Растроганная, но вместе с тем несколько испуганная таким
вступлением, Консуэло поднесла руку старика к своим губам и ответила с
искренним порывом:
— Да, господин граф, я уважаю и люблю вас так, как если
б имела честь быть вашей дочерью, и могу без всякого страха и вполне откровенно
ответить на все ваши вопросы касательно меня лично.
— Ничего другого я и не прошу у вас, дорогая дочь моя,
и благодарю за это обещание. Поверьте, что я не способен им злоупотребить, так
же как, я уверен, и вы не способны изменить своему слову.
— Я верю вам, господин граф, и слушаю вас.
— Так вот, дитя мое, — сказал старик с каким-то
наивным, но ободряющим любопытством. — Как ваша фамилия?
— У меня нет фамилии, — без малейшего колебания
ответила Консуэло.
— Мою мать все звали Розамундой. При крещении мне дали
имя Мария-Утешительница. Отца своего я никогда не знала.
— Но вам известна его фамилия?
— Нет, господин граф, я никогда не слыхала о ней.
— А маэстро Порпора удочерил вас? Он закрепил передачу
вам своего имени законным актом?
— Нет, господин граф, между артистами это не принято,
да оно и не нужно. У моего великодушного учителя ровно ничего нет, и ему нечего
завещать. Что же касается его имени, то при моем положении в свете совершенно
безразлично, как я его ношу — по обычаю или по закону. Если у меня есть
некоторый талант, имя это станет моим по праву, в противном же случае мне
выпала честь, которой я недостойна.
Несколько минут граф хранил молчание, потом, снова беря руку
Консуэло в свою, он заговорил:
— Благородная откровенность ваших ответов еще более
возвысила вас в моих глазах. Не думайте, что я задавал все эти вопросы для
того, чтобы, в зависимости от вашего рождения и положения в свете, больше или
меньше уважать вас. Я хотел знать, пожелаете ли вы сказать мне правду, и вполне
убедился в вашей искренности. Я бесконечно благодарен вам за это и нахожу, что
вы с вашим характером более благородны, чем мы с нашими титулами.
Консуэло не могла не улыбнуться простодушию, с каким старый
аристократ восхищался ее признанием, в сущности, ничего ей не стоившим.
Восхищение это говорило об остатке упорного предрассудка, с которым, очевидно,
благородно боролся Христиан, стараясь победить его в себе.

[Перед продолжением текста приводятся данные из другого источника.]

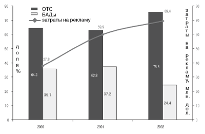 Рис. 2 Соотношение ОТС-препаратов и этого состояния Начнем БАДов в затратах на рекламу пор большинство производителей

— А теперь, дорогое мое дитя, — продолжал
он, — я предложу вам еще более щекотливый вопрос. Будьте снисходительны и
простите мне мою смелость.
— Не бойтесь ничего, господин граф, я отвечу на все так
же спокойно.
— Так вот, дитя мое, вы не замужем?
— Нет, господин граф.
— И… вы не вдова? У вас нет детей?
— Я не вдова, и у меня нет детей, — ответила
Консуэло, едва удерживаясь от смеха, так как не понимала, к чему клонит граф.
— И вы ни с кем не связаны словом? — продолжал
он. — Вы совершенно свободны?
— Простите, господин граф, я была обручена с согласия и
даже по приказанию моей умирающей матери с юношей, которого любила с детства и
чьей невестой была до минуты моего отъезда из Венеции.
— Стало быть, вы не свободны? — проговорил граф со
странной смесью огорчения и удовлетворения.
— Нет, господин граф, я совершенно свободна, —
ответила Консуэло.
— Тот, кого я любила, недостойно изменил мне, и я
порвала с ним навсегда. — Значит, вы его любили? — спросил граф после
некоторого молчания.
— Да, всей душой, это правда.
— И… может быть, и теперь еще любите? — Нет,
господин граф, это невозможно.
— Вам не доставило бы никакого удовольствия видеть его?
— Видеть его было бы для меня мукой.
— И вы никогда не позволяли ему?.. Он не осмелился… Но
я боюсь вас оскорбить… Пожалуй, вы подумаете, что я хочу знать слишком много…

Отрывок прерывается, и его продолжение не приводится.